Texte intégral
République française
Au nom du Peuple français
COUR D'APPEL DE PARIS
Pôle 4 - Chambre 9 - B
ARRET DU 07 Décembre 2023
(n° , 2 pages)
Numéro d'inscription au répertoire général : S N° RG 21/00343 - N° Portalis 35L7-V-B7F-CEO4G
Décision déférée à la Cour : jugement rendu le 20 Septembre 2021 par le tribunal judiciaire de tribunal de proximité de villejuif RG n° 1121000712
APPELANT
Monsieur [C] [V]
[Adresse 4]
[Localité 7]
non comparant
INTIMEES
Organisme [11]
[Adresse 8]
[Adresse 8]
[Localité 6]
représentée par Me Maxime TONDI de la SELARL TONDI MAXIME, avocat au barreau de VAL-DE-MARNE, toque : PC 145 substituée par Me Fabienne BEUGRE, avocat au barreau de VAL-DE-MARNE, toque : 145
Organisme SIP [Localité 7]
[Adresse 1]
[Localité 7]
non comparante
Organisme [10]
[Adresse 3]
[Adresse 3]
[Localité 5]
non comparante
COMPOSITION DE LA COUR :
En application des dispositions de l'article 945-1 du code de procédure civile, l'affaire a été débattue le 17 Octobre 2023, en audience publique, les parties ne s'y étant pas opposées, devant Madame Sophie COULIBEUF, conseillère chargée du rapport.
Ce magistrat a rendu compte des plaidoiries dans le délibéré de la Cour, composée de :
Madame Muriel DURAND, présidente
Madame Sophie COULIBEUF, conseillère
Madame Laurence ARBELLOT, conseillère
Greffière : Madame Catherine SILVAN, lors des débats.
ARRÊT :
- DÉFAUT
- Prononcé publiquement par mise à disposition de l'arrêt au greffe de la Cour, les parties en ayant été préalablement avisées dans les conditions prévues au deuxième alinéa de l'article 450 du code de procédure civile.

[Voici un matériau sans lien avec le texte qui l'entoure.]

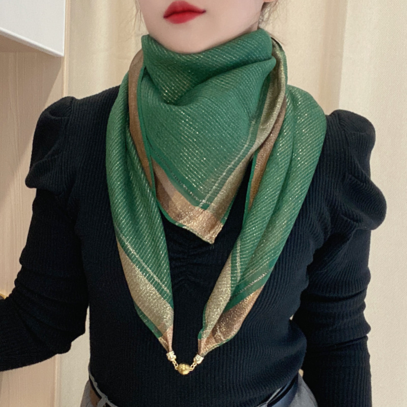 새로운 골드 실크 마그네틱 버클 스퀘어 스카프 목 보호 스카프 85*85 여성 실크 울 패션 올 매치 스카프 숄

- Signé par Madame Muriel DURAND, présidente et par Madame Amel MANSOURI, greffière, à laquelle la minute de la décision a été remise par le magistrat signataire.
***
FAITS, PROCÉDURE ET PRÉTENTIONS DES PARTIES
Par décision en date du 22 septembre 2020, la commission de surendettement des particuliers de Val-de-Marne a déclaré recevable la demande de [C] [V], estimé qu'il se trouvait dans une situation irrémédiablement compromise et imposé une mesure de rétablissement personnel sans liquidation judiciaire de sa situation.
Par courrier recommandé en date du 14 décembre 2020 avec accusé de réception signé le 16 décembre 2020, un créancier, l'organisme [11], a contesté les mesures recommandées estimant que Monsieur [V] n'est pas de bonne foi et ne présente pas une situation irrémédiablement compromise.
Par jugement réputé contradictoire du 20 septembre 2021, le juge des contentieux de la protection du tribunal de proximité de Villejuif a :
- déclaré recevable en la forme la contestation formée par l'organisme [11] à l'encontre des mesures imposées par la commission de surendettement des particuliers du Val-de-Marne ;
- constaté l'absence de bonne foi de M. [V] ;
- déclaré irrecevable la demande de M. [V] tendant à bénéficier de la procédure de surendettement.
Aux termes de sa décision, la juridiction a estimé que M. [V] disposait de ressources s'élevant à la somme mensuelle de 497,17 euros, supportait des charges d'un montant de 1.351,50 euros par mois et n'avait ainsi aucune capacité de remboursement. Toutefois, le fait pour M. [V] de s'être maintenu dans les lieux à la suite de la décision du 13 juillet 2018 du tribunal d'instance d'Ivry sur Seine ordonnant son expulsion et de s'être volontairement abstenu de procéder à des règlements au moins partiels mais réguliers du loyer pendant plusieurs mois alors qu'il était déclaré recevable à la procédure de surendettement et de rester redevable à cet égard d'une somme de 20.838,02 euros au 14 juin 2021, constitue une faute directe en relation avec sa situation de surendettement et caractérise sa mauvaise foi.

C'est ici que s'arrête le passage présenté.